There are so many unfamiliar faces, cardinals are wearing name tags. The Vatican guesthouse for out-of-towners coming to choose the next pope is overbooked. Daily Vatican meetings have taken on the feel of theological speed-dating sessions.

“The cardinals don’t know each other so well,” said Cardinal Anders Arborelius of Sweden, who has spent recent days in a crowded Vatican lecture hall listening to the concerns and learning the names of the record number of cardinals Pope Francis appointed who will choose his successor.

Cardinal Arborelius sat in a section reserved for a small group of newcomers from countries that never had cardinals before.
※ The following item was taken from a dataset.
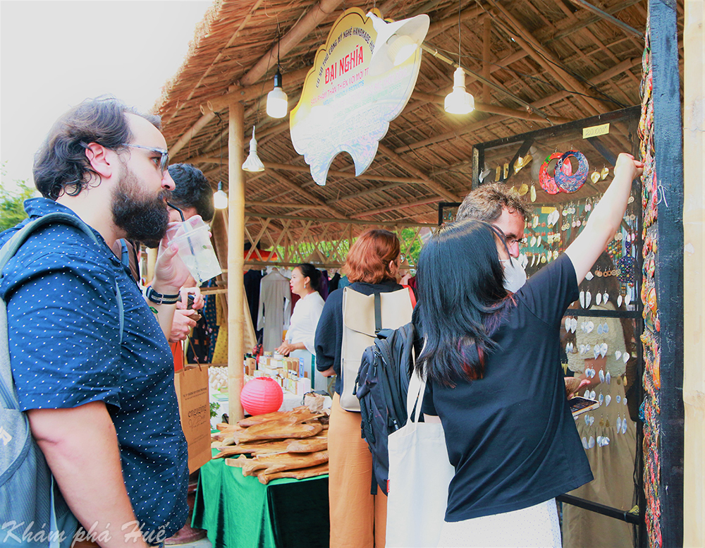 Áo dài và các phụ kiện đi kèm với áo dài thu hút sự quan tâm của du khách và người dân địa phương ghé tham quan, mua sắm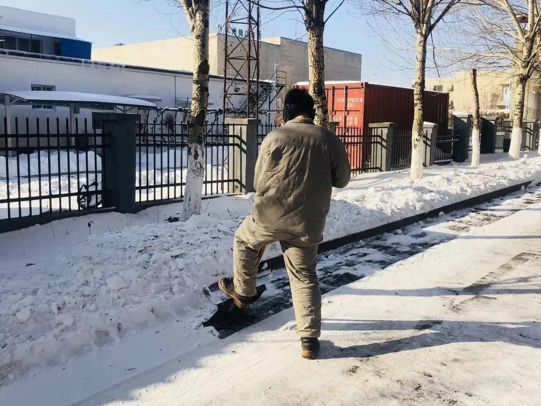 近日,沈陽迎來大暴雪,整個(gè)廠區(qū)覆蓋在皚皚白雪中。從清晨到晌午,再到傍晚,他們除了吃飯就是在清除積雪。作為安環(huán)專員,吳全威表示一定要嚴(yán)把道路“安全關(guān)”,保證收運(yùn)車能平穩(wěn)安全地駛?cè)霃S區(qū)。

They included one from Mali, who, he said, had “disappeared” after the first day, and from Laos, who, many days into the meetings, “hasn’t turned up.” He himself, he said, felt “lost all the time.”

Nevertheless, he and scores of other cardinals will file into the Sistine Chapel starting Wednesday afternoon to cast ballots for the next pope under seclusion and Michelangelo’s frescoes, in one of the world’s oldest dramas.

All papal elections are unpredictable. But this conclave has so many unfamiliar faces with unfamiliar politics, priorities and concerns that it could be more fractious than usual.

It also comes at a particularly perilous moment for a church that Francis left deeply divided, with progressive factions pushing for more inclusion and change, and conservatives seeking to roll things back, often under the guise of unity.